How to complete this task> In the material below, the required lines run from the one containing "MARLEN Fiókos Komód 155 cm Fekete" through the one containing "Hareket Sensörlü Tavan". Copy those lines exactly, ends included, and nothing else.

Provided entries>
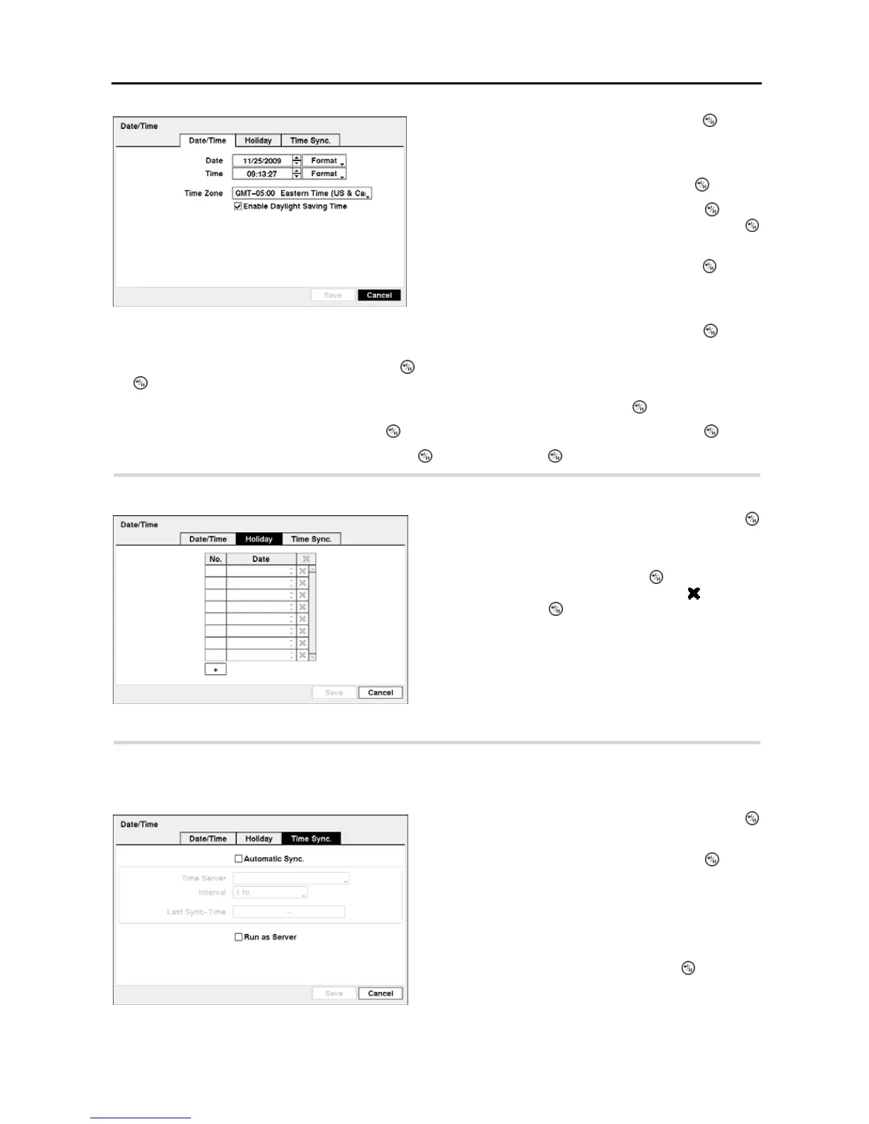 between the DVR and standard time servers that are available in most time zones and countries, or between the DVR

==

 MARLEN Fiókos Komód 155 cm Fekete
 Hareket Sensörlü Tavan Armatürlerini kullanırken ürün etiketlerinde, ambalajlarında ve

...

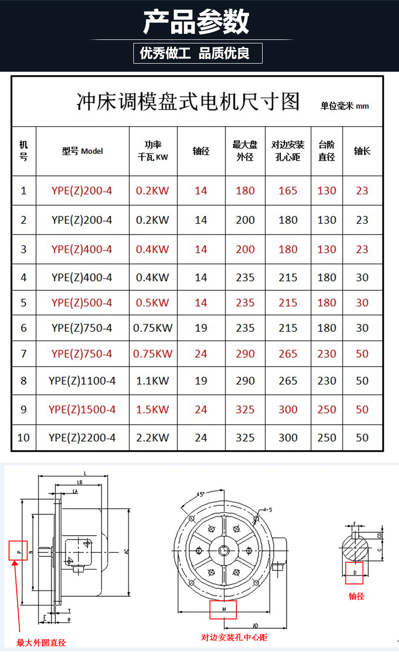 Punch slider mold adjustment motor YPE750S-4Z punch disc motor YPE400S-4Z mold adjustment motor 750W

Task answer>
 MARLEN Fiókos Komód 155 cm Fekete
 Hareket Sensörlü Tavan Armatürlerini kullanırken ürün etiketlerinde, ambalajlarında ve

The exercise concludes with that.